It can often feel like the specific tools and strategies required for data analysis are unique to any given combination of question and data. However, one motif does appear time and time again: the need to take a larger data set, summarize a key variable by one or more grouping variables, and return the result as a new, more directly useful data object. This work flow is often called the ‘Split-Apply-Combine’ approach to data analysis. You first (1) Split your data by some grouping variables of interest e.g. treatment, (2) Apply a function to another variable for each group separately e.g. the mean of some response variable, and (3) Combine the output into a new data object e.g. a named vector or data frame. Because this approach is so common, R has many ready-made functions and packages to make this as easy as possible.
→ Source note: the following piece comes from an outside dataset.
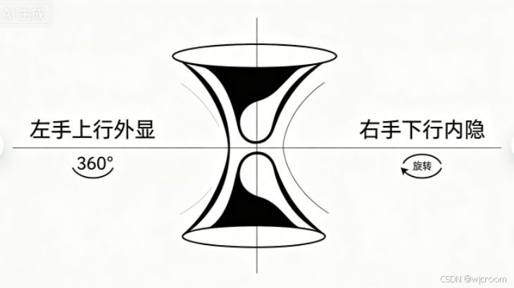 它是以上方为极点的漏斗结构,从右下向左上旋转 360° 抵达顶点后,直接翻转到对面,切换为右手构型,向右下方延伸,最终回转到起点完成闭合。整体呈现出左手上行、右手下行,左外右内的上下同体形态。

replicate(), apply(), tapply(), and aggregate()In some cases we want to repeat a given process over and over again. For example, maybe we want to simulate the sampling process and generate 100 random samples of 100 values from a normal distribution. Fortunately, the R function replicate() makes this very easy.
In the example below, we “shuffle” the order of the integers 1 through 10 five times using replicate():
replicate(5, sample(1:10, size=10, replace=FALSE)) [,1] [,2] [,3] [,4] [,5]
[1,] 10 5 2 2 4
[2,] 4 4 9 8 9
[3,] 6 6 7 4 1
[4,] 2 7 10 3 5
[5,] 1 10 1 1 6
[6,] 5 8 8 10 8
[7,] 7 9 4 5 7
[8,] 8 1 6 7 2
[9,] 3 2 3 6 3
[10,] 9 3 5 9 10
Note that the first argument is the number of total iterations we want to reproduce, and that the function returns a matrix as output.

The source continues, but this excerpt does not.